On Saturday 8 June 1889, the same newspaper recorded as follows:
The shale has been working grand for the last week. They have been
delivering on an average 80 tons per day.
However, then follows an ominous statement in light of subsequent event
There was a day and a half delay this week owing to the main rope
giving way.
[FIGURE 2 OMITTED]
[FIGURE 3 OMITTED]
[FIGURE 4 OMITTED]
[FIGURE 5 OMITTED]
As detailed by Pells and Hammon (2009) serious problems with the cable carrying the loaded skips developed in about August 1889 and the final fracturing of this cable and collapse of the aerial ropeway occurred sometime between December 1889 and January 1890. This put an end to the mining activities of J. B. North at Katoomba; his leases were subsequently taken over by the Australian Kerosene Oil and Mineral Company, of Joadja fame.

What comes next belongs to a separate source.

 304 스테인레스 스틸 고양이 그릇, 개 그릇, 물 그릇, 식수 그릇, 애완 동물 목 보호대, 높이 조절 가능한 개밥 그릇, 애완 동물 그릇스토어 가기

This was a terrible time in the life of Oscar Schulze. He had been responsible for the design and operation of the ropeway, and would no doubt have been dismayed at the failure. However, this paled into insignificance when, in the same period, his first-born son, Archibald, aged 3, died and was buried at Katoomba.
First Hawkesbury railway bridge
On 25 January 1886 the New South Wales Government awarded the Union Bridge Company of Pennsylvania a tender for the design and construction of a Hawkesbury River railway bridge. (20) Oscar Schulze was subsequently employed by this company as the resident consultant engineer for the project and thereafter as its representative in New South Wales.

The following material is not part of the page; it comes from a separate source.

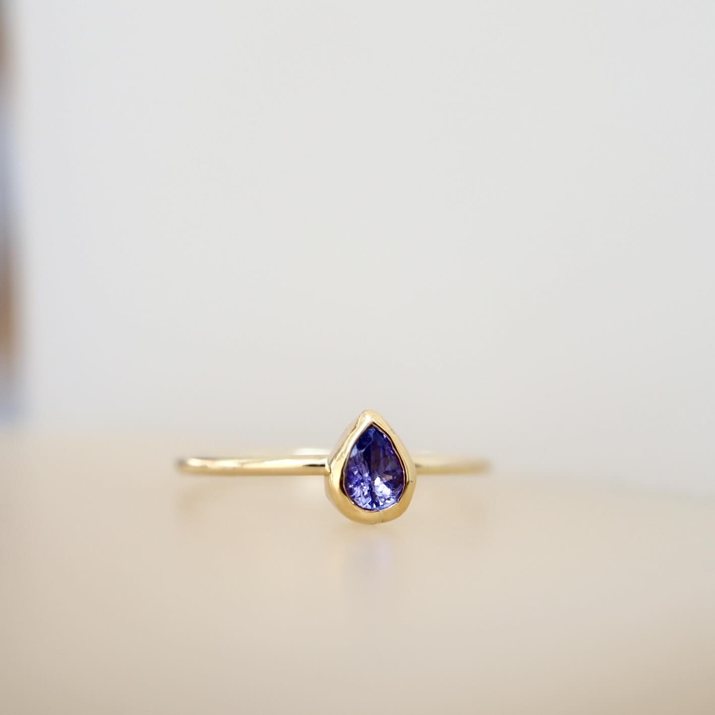 Een tanzaniet druppel, mega fonkelend en veel licht-donker effecten. De zetting is gemaakt van 22 karaat goud. De ring is gemaakt van 18 karaat goud.

The tender for this bridge generated great interest in the engineering world, with the British engineering fraternity taking it as a given that one of their traditional riveted designs would win the contract. Much to their chagrin, the upstarts from the United States, with a new lightweight design based on pin jointed connections and tension rod members, won the day. The Union Bridge Company then sublet much of the work to various firms including Anderson and Barr from New York, which was responsible for the foundations, and Ryland and Morse from Chicago, which was to erect the superstructure. In 1938 E. K. Morse wrote an article for the American Society of Civil Engineers reminiscing about his experiences erecting the Hawkesbury Bridge. In it he records: 'I was indebted to Oscar Schultz (sic), resident engineer of the Union Bridge Company, for much needed advice.' (21)

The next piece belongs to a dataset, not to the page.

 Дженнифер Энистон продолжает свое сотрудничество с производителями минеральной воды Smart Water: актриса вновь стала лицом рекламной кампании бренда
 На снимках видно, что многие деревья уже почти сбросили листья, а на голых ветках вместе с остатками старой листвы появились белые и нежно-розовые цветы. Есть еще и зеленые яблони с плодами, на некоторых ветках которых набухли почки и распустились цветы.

A number of other sources also document Schulze's involvement throughout the project. An article by C. O. Burge (22) for the Institution of Civil Engineers (UK) notes: 'The lines and spans of the bridge were located by a system of triangulation carried out by Mr F. Small ... as representing the Government, and by Mr O. Schulze on the part of the contractors.' The newspapers of the day followed the progress of construction. The Sydney Morning Herald of 16 January 1888 records: (23) 'At the invitation of the contractors, about 70 members of the Engineering Association of NSW visited Peat's Ferry on Saturday for the purpose of viewing the works now in progress ... the visitors were met by Mr Oscar Schulze, engineer for the Union Bridge Company of New York.'
Construction lasted from 1886 to 1889 and for at least some of the time Schulze lived on Dangar Island, where the bridge spans were assembled. An article in The Centennial Magazine (24) records that Dangar Island was leased by the American firm to house the workers and their families: 'Mr Schultz (sic) the consulting engineer, the contractors and their department heads occupy those pleasantly verandahed cottages beneath the pine trees ...' Schulze was also present at the final testing operations of the bridge held in April 1889. (25)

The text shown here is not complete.